I have seen that the IMF has asked the Fed to defer interest rate increases until we see clear signs of wage increases and inflationary pressure.
The request IMO is both scary and rationale given that so much of today’s National Income Accounting Identity (output=C+I+X-M) relies on factors that lie outside of its operation. I speak of new bank generated loan growth given that income growth/distribution and investment growth still appear to be weak in the scheme of things..i.e. C+I the drivers.
The last time the FRB delayed interest rate increases we had a debt financed consumption boom in the US followed by IR increases and a de facto financial collapse. By raising rates we likely restrict one of the few modes of generating consumption growth in the US (note auto loans) and many other countries. We also likely raise the impact of existing debt burdens on what are to date still historically low rates of income/wage growth.
As such you have to ask yourself just what are we waiting for? Well we need higher income growth, but not just higher income growth: we need a more equitable and fair distribution so that economic growth itself becomes less reliant on debt and low interest rates, and less exposed to the scary divergence of asset values.
But the world is also changing in ways that question whether we can effectively outwait the inevitable: populations are aging and declining.
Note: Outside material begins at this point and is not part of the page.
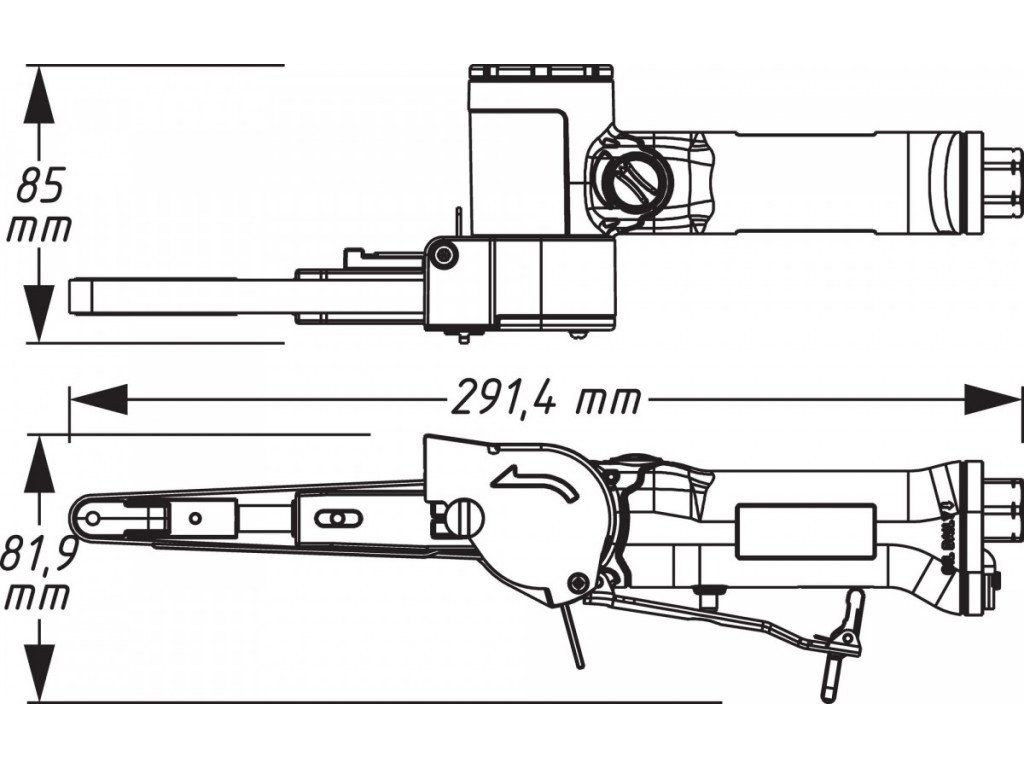 Výkonná pneumatická bruska s 10mm páskem pro přesné broušení detailů a hůře dostupných míst.

Areas where the frame can still expand in consumption terms, areas such as China, may be heading into their own period of slow growth and low IR debt support.
Importantly will the status quo submit to a reconfiguration of the pie and can the world assume a less debt dependent economic raison d’etre?
So yes, the rationale to defer interest rate rises is both scary and realistic, but it fails to answer important questions: what are we waiting for, how long can we wait, and are our hopes realistic?
This is just a quick 3 minute post, but the issues are critical!